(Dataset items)
*** Block opens ***
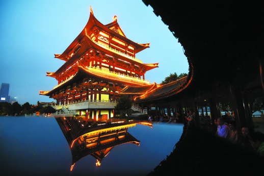 6月17日晚,长沙市杜甫江阁在灯光的点缀下格外美丽(利用手机屏幕镜面反射拍摄)。为迎接第一届中非经贸博览会,杜甫江阁阁楼部分区域于上月开始维护施工,主要进行建筑物外部美化、亮化。目前,杜甫江阁维护工作已经完工,全部对外开放。湖南日报记者 田超 摄
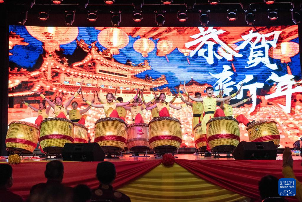 這是2月5日在馬來西亞吉隆坡拍攝的擊鼓表演。
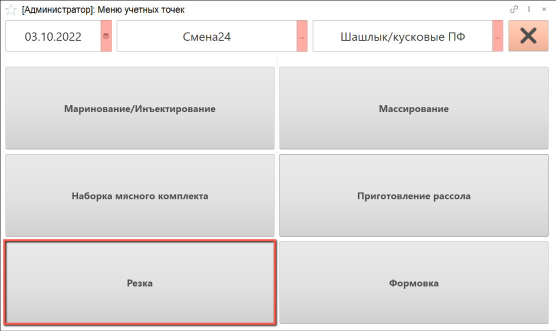 Указываем дату смены, смену и учетную точку, на которой будет производиться резка сырья.
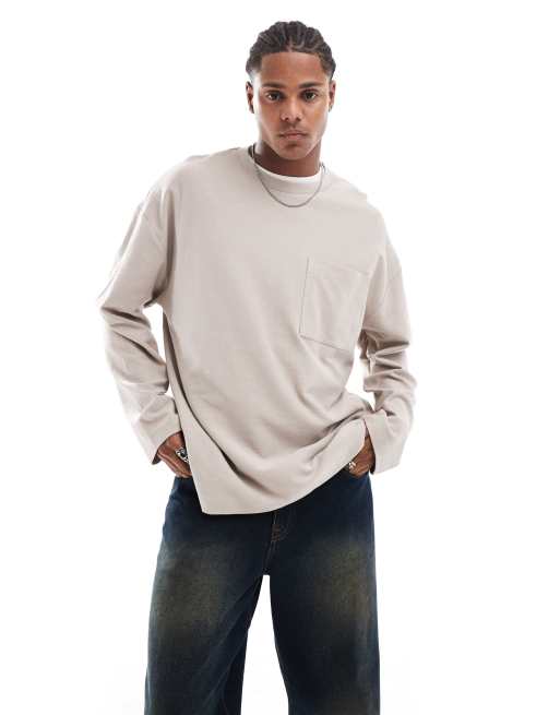 ASOS DESIGN - T-shirt oversize à manches longues en maille bouclée - Taupe
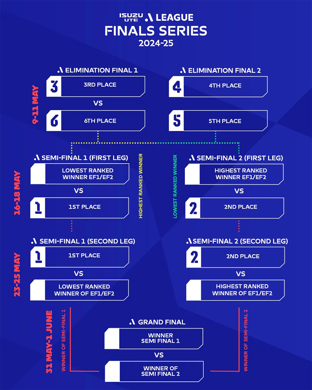 La saison estivale australienne étant un calvaire pour les acteurs du football avec des températures insupportables à la pratique sportive, le calendrier supprime les matchs de 15 heures de décembre à mars. La ligue réintroduit la campagne « L'été du football » du 27 décembre au 27 janvier, avec des matchs en milieu de semaine sur deux journées pendant les vacances scolaires de janvier. La finale du est prévue pour le 31 mai ou 1er juin.
*** Block closes ***
## [Action item]
Copy the records exactly, leaving out every picture.

## [Your response]
 6月17日晚,长沙市杜甫江阁在灯光的点缀下格外美丽(利用手机屏幕镜面反射拍摄)。为迎接第一届中非经贸博览会,杜甫江阁阁楼部分区域于上月开始维护施工,主要进行建筑物外部美化、亮化。目前,杜甫江阁维护工作已经完工,全部对外开放。湖南日报记者 田超 摄
 這是2月5日在馬來西亞吉隆坡拍攝的擊鼓表演。
 Указываем дату смены, смену и учетную точку, на которой будет производиться резка сырья.
 ASOS DESIGN - T-shirt oversize à manches longues en maille bouclée - Taupe
 La saison estivale australienne étant un calvaire pour les acteurs du football avec des températures insupportables à la pratique sportive, le calendrier supprime les matchs de 15 heures de décembre à mars. La ligue réintroduit la campagne « L'été du football » du 27 décembre au 27 janvier, avec des matchs en milieu de semaine sur deux journées pendant les vacances scolaires de janvier. La finale du est prévue pour le 31 mai ou 1er juin.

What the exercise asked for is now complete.